= Beginning of Section =

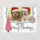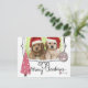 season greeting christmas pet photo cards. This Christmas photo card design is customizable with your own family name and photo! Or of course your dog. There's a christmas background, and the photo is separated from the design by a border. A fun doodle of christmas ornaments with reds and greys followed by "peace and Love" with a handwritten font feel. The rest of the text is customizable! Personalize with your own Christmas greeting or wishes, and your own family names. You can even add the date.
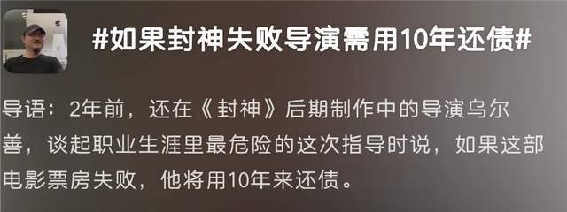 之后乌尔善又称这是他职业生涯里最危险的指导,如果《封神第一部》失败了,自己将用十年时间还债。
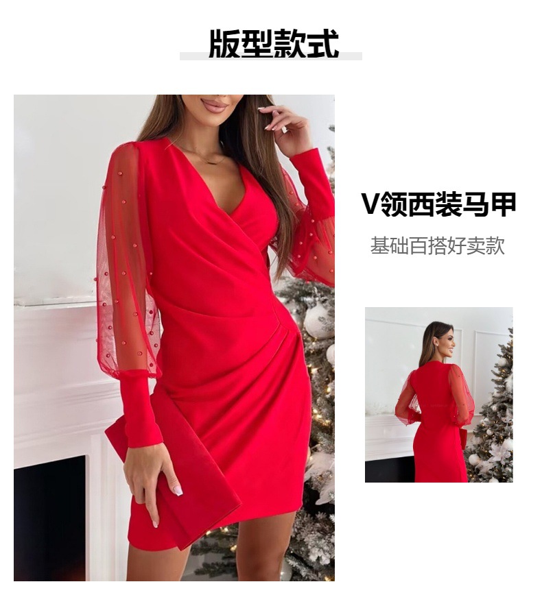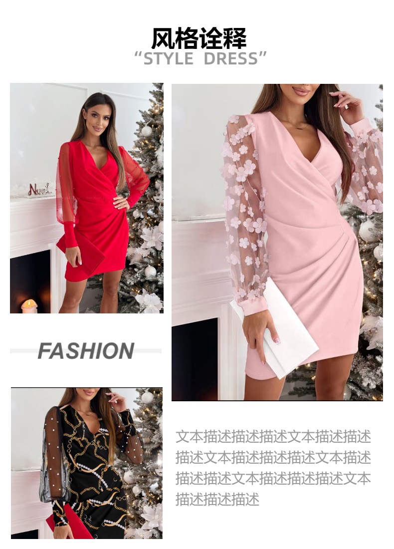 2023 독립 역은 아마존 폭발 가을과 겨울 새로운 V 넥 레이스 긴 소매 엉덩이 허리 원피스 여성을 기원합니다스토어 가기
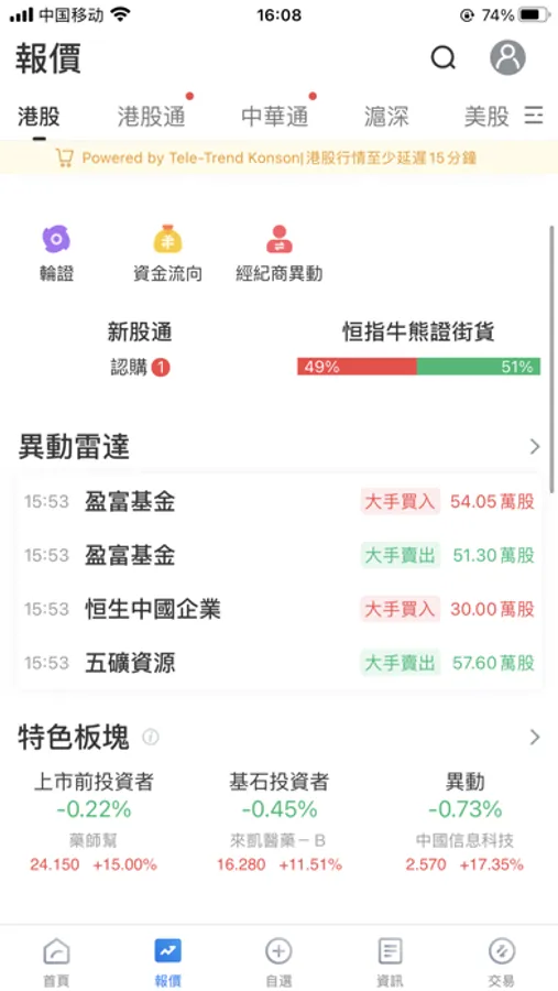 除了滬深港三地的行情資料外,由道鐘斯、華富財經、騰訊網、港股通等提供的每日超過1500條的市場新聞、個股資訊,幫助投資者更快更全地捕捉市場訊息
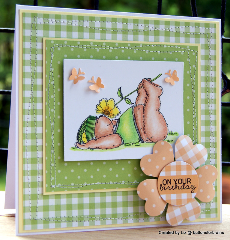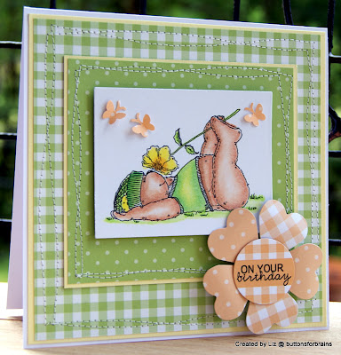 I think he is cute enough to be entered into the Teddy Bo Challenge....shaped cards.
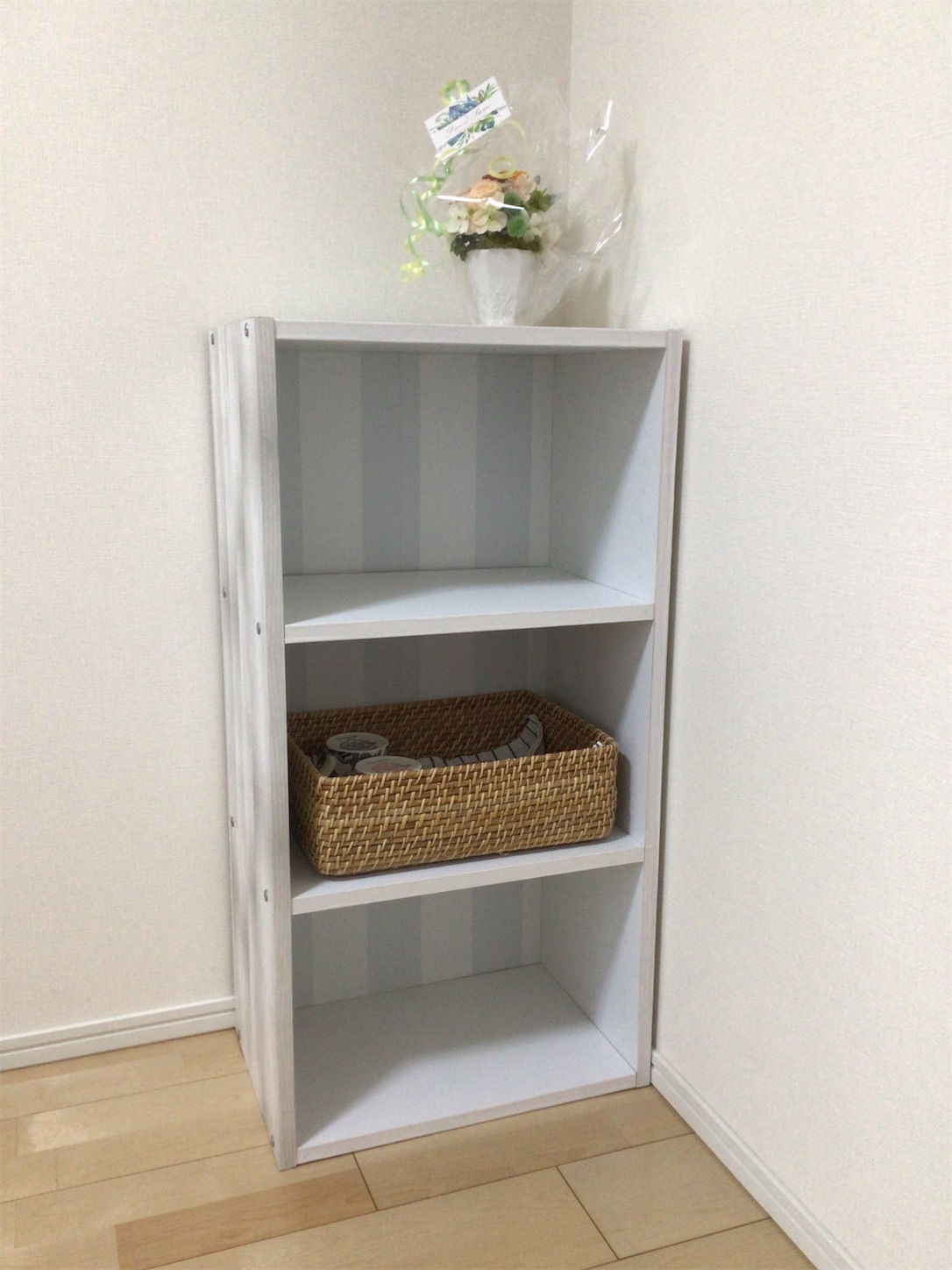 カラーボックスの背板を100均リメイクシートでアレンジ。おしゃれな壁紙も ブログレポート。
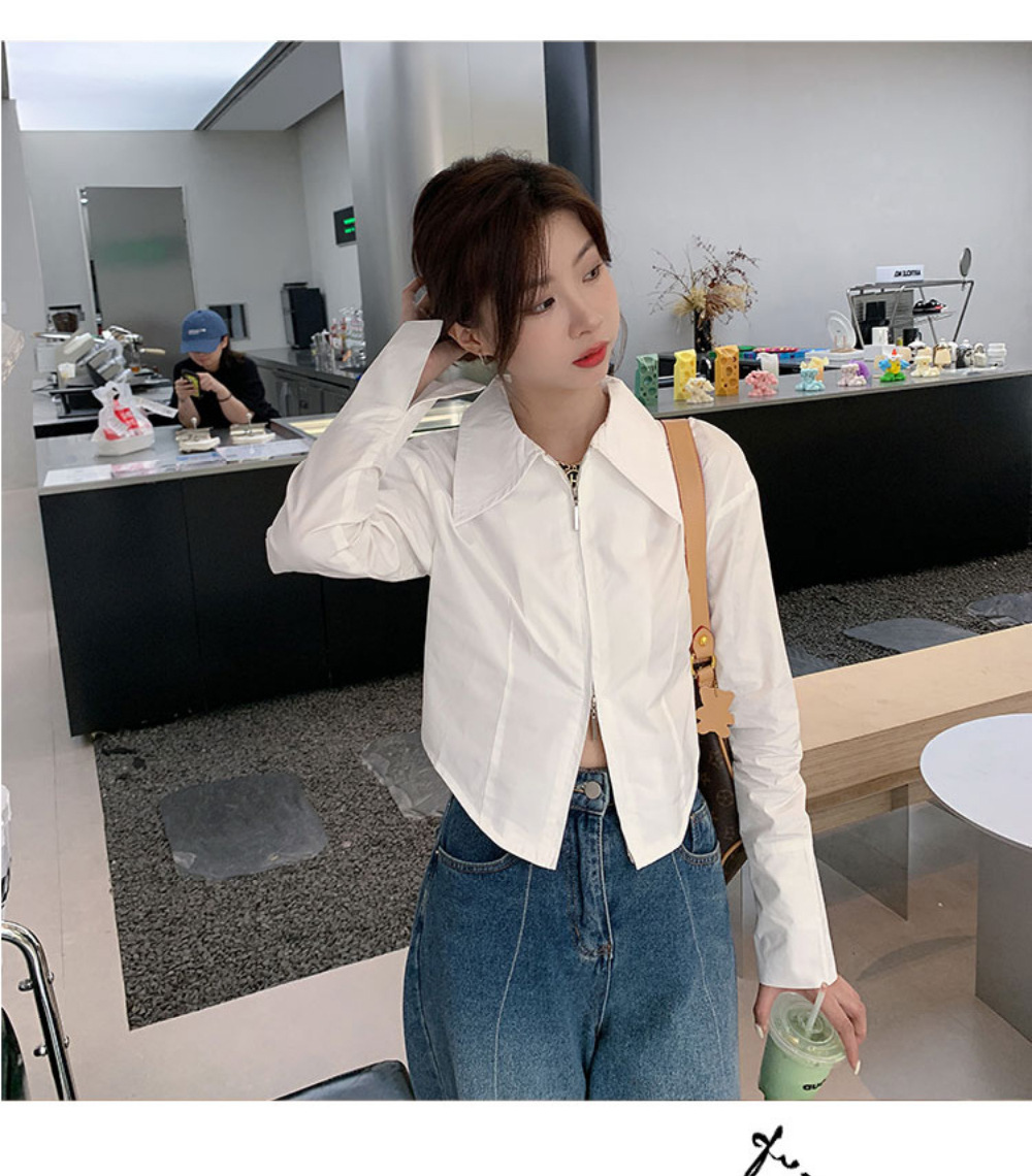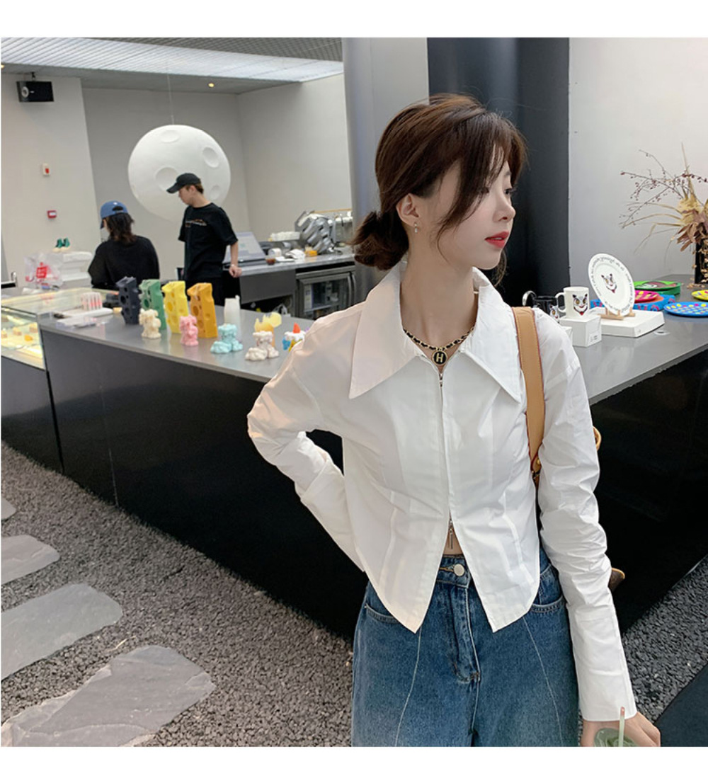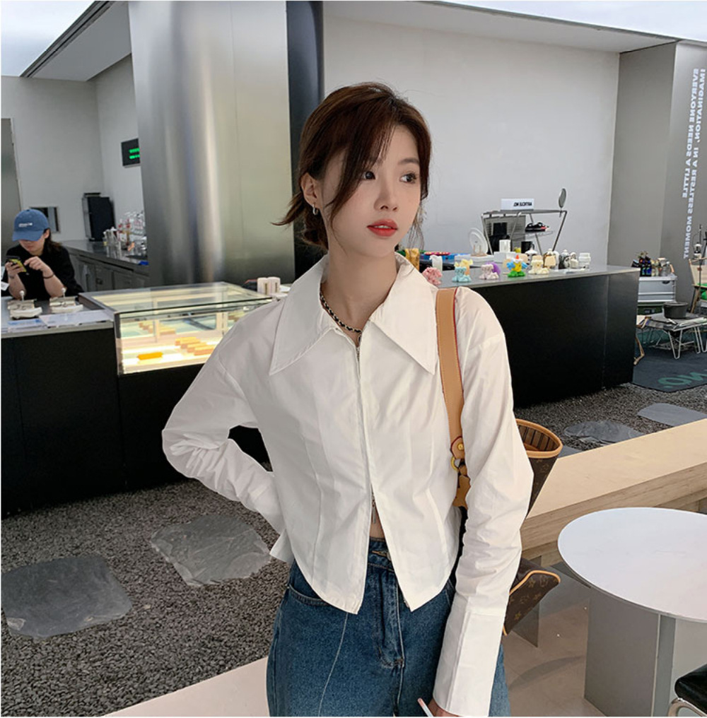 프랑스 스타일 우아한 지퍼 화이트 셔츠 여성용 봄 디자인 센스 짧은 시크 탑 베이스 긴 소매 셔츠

= End of Section =

About this exercise - The entries above are to be returned exactly, without their pictures.

Task output -
 season greeting christmas pet photo cards. This Christmas photo card design is customizable with your own family name and photo! Or of course your dog. There's a christmas background, and the photo is separated from the design by a border. A fun doodle of christmas ornaments with reds and greys followed by "peace and Love" with a handwritten font feel. The rest of the text is customizable! Personalize with your own Christmas greeting or wishes, and your own family names. You can even add the date.
 之后乌尔善又称这是他职业生涯里最危险的指导,如果《封神第一部》失败了,自己将用十年时间还债。
 2023 독립 역은 아마존 폭발 가을과 겨울 새로운 V 넥 레이스 긴 소매 엉덩이 허리 원피스 여성을 기원합니다스토어 가기
 除了滬深港三地的行情資料外,由道鐘斯、華富財經、騰訊網、港股通等提供的每日超過1500條的市場新聞、個股資訊,幫助投資者更快更全地捕捉市場訊息
 I think he is cute enough to be entered into the Teddy Bo Challenge....shaped cards.
 カラーボックスの背板を100均リメイクシートでアレンジ。おしゃれな壁紙も ブログレポート。
 프랑스 스타일 우아한 지퍼 화이트 셔츠 여성용 봄 디자인 센스 짧은 시크 탑 베이스 긴 소매 셔츠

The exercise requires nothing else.